Kang gémit en la voyant, se rendit à la chambre de Shih et le frappa rudement sur l’oreille. Il hurla, pleura.

— Pourquoi ? Pourquoi ?

Sans lui répondre, Kang retourna au quartier des femmes, en marmonnant, s’empara d’une paire de ciseaux et saccagea toutes les tapisseries qu’elles étaient en train de broder. Les servantes crièrent, hurlèrent. Elles n’en croyaient pas leurs yeux. La maîtresse de maison avait fini par devenir folle. Personne ne l’avait vue pleurer autant, même à la mort de son mari.

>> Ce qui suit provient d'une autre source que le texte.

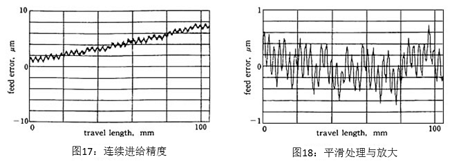 图12展示了NC机械步进进给的结果,产生了20μm的空程。使用同样的机器,不断增大运送速度进行测量,如图13所示,空程量为负(移动过了)。这是因为启动时相对于指令实际的运动有所延迟,因此停止时出现了超程。
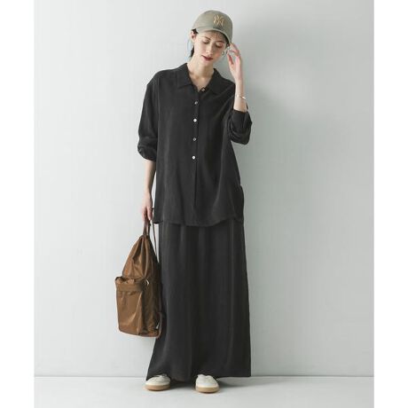 ツヤ感のある上品な素材なので、デニムやチノ素材といったカジュアルなボトムスを合わせたミックススタイルがおすすめです。また、同素材のスカートと合わせたセットアップなら、より洗練された装いが完成します。

À partir de cet instant, la veuve Kang n’arriva plus à dormir. Souvent, elle appelait Pao et lui demandait du vin.

— Je l’ai revu, disait-elle. Cette fois c’était un jeune moine, avec une autre tunique. Un hui-hui. J’étais une jeune reine. Cette fois-ci, c’est lui qui me sauvait. Nous nous sauvions ensemble. Et maintenant son fantôme est en colère, il erre entre les mondes.

Ils placèrent des offrandes pour lui près du portail et de la fenêtre. Mais Kang continuait de pousser des cris, qui réveillaient tout le monde. On aurait dit des cris de paon. Parfois, ils la trouvaient, marchant dans son sommeil entre les bâtiments du domaine, parlant dans des langues étrangères, de voix qui n’étaient pas toujours la sienne. Tout le monde savait qu’il ne fallait jamais réveiller quelqu’un qui marchait en dormant, pour ne pas perturber son esprit et lui faire perdre ses repères, l’empêchant de retrouver son corps. Alors, ils la devançaient, bougeant les meubles pour qu’elle ne s’y blesse pas et réveillant le coq pour l’obliger à chanter plus tôt. Pao demanda à Shih d’écrire à ses frères aînés, pour leur raconter ce qui se passait, ou au moins d’écrire ce que sa mère disait en dormant, mais Shih ne voulut pas.

(Remarquez que si cela avait été son père qui avait été malade, ou poursuivi par des fantômes, il aurait certainement eu l’autorisation de rentrer.)

Finalement, Pao parla à la sœur de la première servante du plus âgé des frères de Shih quand elle se rendit au marché de Hangzhou ; de fil en aiguille, le frère aîné, qui vivait à Nanjing, apprit toute l’affaire. Mais il ne put pas venir. Il avait des obligations et ne pouvait pas se libérer.